CK5
Register an account today to become a member! Once signed in, you'll be able to participate on this site by adding your own topics and posts, as well as connect with other members.

Steering Box Destruction - now for the repair......

combatmatt

1/2 ton status
Joined
Jun 18, 2007
Posts
230
Reaction score
0
Location
Crawlorado Springs or Afghanaraq
Coming back to camp from elk hunting last week and the steering started to get a little bit sloppy. I figured i could make it the quarter mile back and tighten everythin back up there. 20 yards from camp and "Pop, Pow", cracked the frame at the bottom ear of the steering box and broke the bolt at the top. After packing up and strapping the box to the frame with some nylon webbing I was able to limp out 6 miles to about a mile from the trail head when the rest of the bolts sheared off, one of the ears on the steering box snapped off, and the frame quit :doah:. 2 hours and a short tow to my buddys driveway later I got it all apart and found my next project.

Next on the purchase list is ORDs weld on frame repair kit (I was already running the steering box brace) and a new steering box.

What im wondering is if i need to go to the pick and pull to hack out a corresponding piece of old frame to repair my frame hole or if i can just weld a suitable thickness piece of metal into the hole, drill a new bolt hole, then run the ORD patch panel over the repair?
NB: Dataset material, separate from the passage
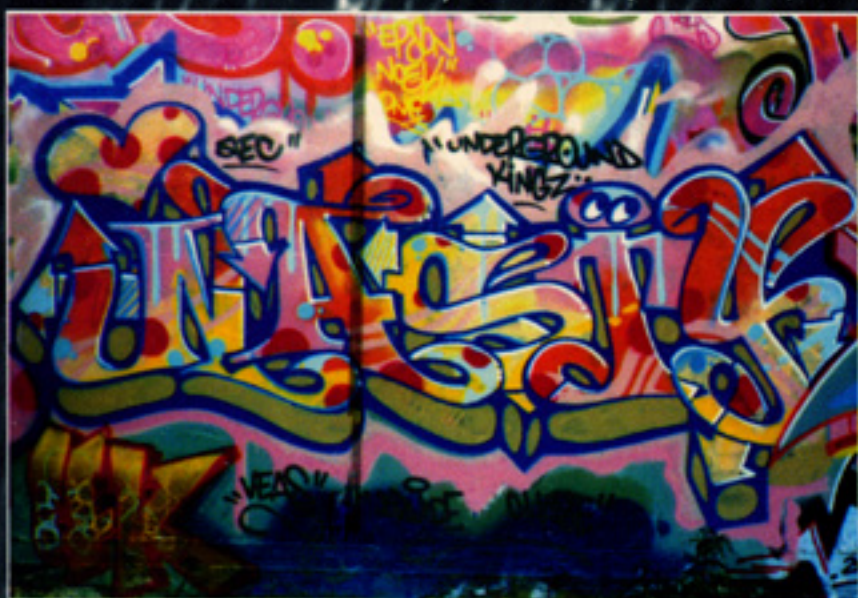
NASTY / UK - AEC (PARIS - 1993)
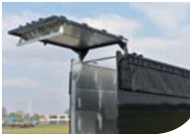
Hydraulic tailgate (integrated doors optional)

On to the pics....................

Good bye brand new steering box........
IMG00199-20111113-1508.jpg


Hello speed hole and snapped bolts............
IMG00197-20111113-1442.jpg

IMG00203-20111113-1513.jpg


Searched and came up with alot of cracked frame repairs but not one dealing with tearing the crap out of it. Comments and fixes are appreciated.
 
You must have been on some worse trails for hunting than we were. Did you at least get an elk? I didn't but I didn't break my truck either :whistle:
 
I have cut a whole section out of a frame at a junkyard and replaced holes like that.

Have also just completely rebuilt the area with much thicker metal, used small tubing on the bolt holes to make the steering box clear the flat frame.

Do it right and do it once. I always am telling people how they are going crazy overkill on certain things, on this particular repair its time to go crazy overkill
 
The frame is just mild steel, I'd just do whatever is easier for you with your tooling availability, I don't think it will be a big difference in strength either way, especially if you're going to plate it over.

Are you running hydro assist? I did about the same thing as you trying to run 17" wide 40"s in the rocks without it. I snapped clean through 3/4 of the frame rail right behind where the ORD brace bolts in. I terminated the cracks, welded them, welded in the plating kit, and said hydro assist was the #1 priority lol.
 
The frame is just mild steel, I'd just do whatever is easier for you with your tooling availability, I don't think it will be a big difference in strength either way, especially if you're going to plate it over.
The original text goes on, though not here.